If you are building an interactive assistant, use ChatManager unless you explicitly need to assemble the raw chat HTML yourself.
For the complete API surface, see the Chat API, ChatManager API, and Chat Providers API.
Minimal ChatManager Setup¶
from pywry import Div, HtmlContent, PyWry, Toolbar
from pywry.chat_manager import ChatManager
def handler(messages, ctx):
user_text = messages[-1]["text"]
return f"You said: {user_text}"
app = PyWry(title="Chat Demo")
chat = ChatManager(
handler=handler,
welcome_message="Welcome to **PyWry Chat**.",
system_prompt="You are a concise assistant.",
)
widget = app.show(
HtmlContent(html="<h1>Assistant</h1><p>Ask something in the chat panel.</p>"),
toolbars=[chat.toolbar(position="right")],
callbacks=chat.callbacks(),
)
chat.bind(widget)
app.block()
ChatManager expects three pieces to be connected together:
chat.toolbar()to render the chat panel.chat.callbacks()to wire thechat:*frontend events.chat.bind(widget)afterapp.show(...)so the manager can emit updates back to the active widget.
Handler Shapes¶
The handler passed to ChatManager is the core integration point. PyWry supports all of these forms:
- Sync function returning
str - Async function returning
str - Sync generator yielding
strchunks - Async generator yielding
strchunks - Sync or async generator yielding rich
ChatResponseobjects
One-shot response¶
Streaming response¶
import time
def handler(messages, ctx):
text = "Streaming responses work token by token in the chat UI."
for word in text.split():
if ctx.cancel_event.is_set():
return
yield word + " "
time.sleep(0.03)
Rich response objects¶
from pywry import StatusResponse, ThinkingResponse, TodoItem, TodoUpdateResponse
def handler(messages, ctx):
yield StatusResponse(text="Searching project files...")
yield TodoUpdateResponse(
items=[
TodoItem(id=1, title="Analyze request", status="completed"),
TodoItem(id=2, title="Generate answer", status="in-progress"),
]
)
yield ThinkingResponse(text="Comparing the available implementation paths...\n")
yield "Here is the final answer."
Conversation State¶
ChatManager handles thread state internally:
- Creates a default thread on startup
- Tracks active thread selection
- Supports thread create, switch, rename, and delete events
- Keeps message history per thread
- Exposes
active_thread_id,threads, andsettingsas read-only views
Use send_message() when you need to push a programmatic assistant message into the active thread or a specific thread.
Slash Commands¶
Slash commands appear in the command palette inside the chat input.
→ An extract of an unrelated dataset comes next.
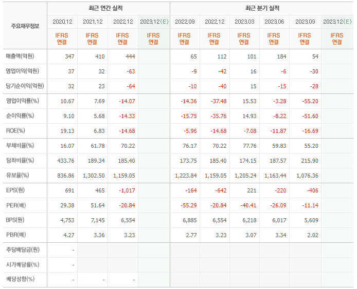 2022년 매출은 444억, 영업이익은 -63억, 당기순이익은 -64억입니다. 그리고 영업이익률은 -14.07%입니다.

Register custom commands with SlashCommandDef and optionally handle them through on_slash_command.
from pywry import SlashCommandDef
def on_slash(command, args, thread_id):
if command == "/time":
chat.send_message("Current time: **12:34:56**", thread_id)
chat = ChatManager(
handler=handler,
slash_commands=[
SlashCommandDef(name="/time", description="Show the current time"),
SlashCommandDef(name="/clearcache", description="Clear cached results"),
],
on_slash_command=on_slash,
)
PyWry also ships built-in commands at the lower-level ChatConfig layer, including /clear, /export, /model, and /system.
Settings Menu¶
Use SettingsItem to populate the gear-menu dropdown. These values are stored by the manager and emitted back through on_settings_change.
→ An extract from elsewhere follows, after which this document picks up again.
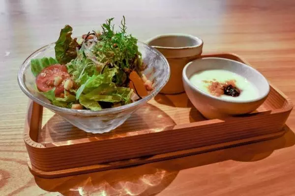 こちらの『地野菜のサラダ』も無農薬でつくられたもの。「小田原は相模湾に面していながらも野菜が強い」と松本さんは言います。それぞれ農法が違うことで味わいも少しずつ異なるそう。今回はからし菜、赤水菜、レタス、サニーレタス、キュウリ、ミニトマト、紫大根を自家製の昆布ドレッシングでいただきましたが、それぞれの野菜の味が濃厚で、畑がそのまま食卓にやってきたような感覚にさせられます。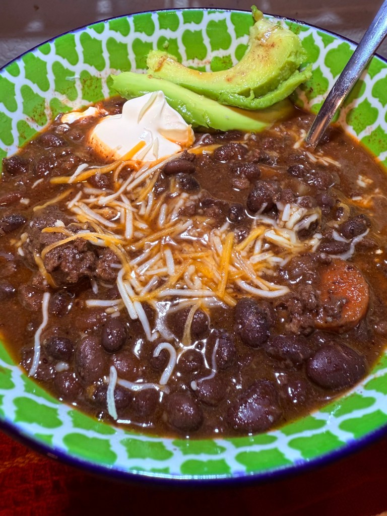 Whether you are opening a can of beans or presoaking the beans at least a couple hours while you work, go on a walk, or lull your baby to sleep, chili is a generous staple and one that is popular at our home lasting for days (or can be frozen for even more days later.)

from pywry import SettingsItem
def on_settings_change(key, value):
print(f"{key} changed to {value}")
chat = ChatManager(
handler=handler,
settings=[
SettingsItem(
id="model",
label="Model",
type="select",
value="gpt-4o-mini",
options=["gpt-4o-mini", "gpt-4.1", "claude-sonnet-4"],
),
SettingsItem(
id="temperature",
label="Temperature",
type="range",
value=0.7,
min=0,
max=2,
step=0.1,
),
],
on_settings_change=on_settings_change,
)
Cooperative Cancellation¶
The stop button triggers chat:stop-generation, and ChatManager exposes that to your handler through ctx.cancel_event.
Your handler should check ctx.cancel_event.is_set() while streaming so long generations terminate quickly and cleanly.
def handler(messages, ctx):
for chunk in very_long_generation():
if ctx.cancel_event.is_set():
return
yield chunk
At the lower level, GenerationHandle tracks the active task and provides cancellation state for provider-backed streaming flows.
Input Requests¶
Chat flows can pause and ask the user for confirmation or structured input by yielding InputRequiredResponse. The handler can then continue by calling ctx.wait_for_input().
from pywry import InputRequiredResponse
def handler(messages, ctx):
yield "I need confirmation before I continue."
yield InputRequiredResponse(
prompt="Proceed with deployment?",
input_type="buttons",
)
answer = ctx.wait_for_input()
if not answer or answer.lower().startswith("n"):
yield "Deployment cancelled."
return
yield "Deployment approved. Continuing now."
Supported flows include:
- Button confirmation dialogs
- Radio/select choices
- Free-text or filename input
See the chat demo example for a complete input-request flow.
Context Mentions And File Attachments¶
ChatManager can expose extra context sources to the user:
enable_context=Trueenables@mentions for registered live widget sources.register_context_source(component_id, name)makes a widget target selectable.enable_file_attach=Trueenables file uploads.file_accept_typesis required when file attachment is enabled.context_allowed_rootsrestricts attachment reads to specific directories.
chat = ChatManager(
handler=handler,
enable_context=True,
enable_file_attach=True,
file_accept_types=[".csv", ".json", ".xlsx"],
context_allowed_roots=["./data", "./reports"],
)
chat.register_context_source("sales-grid", "Sales Data")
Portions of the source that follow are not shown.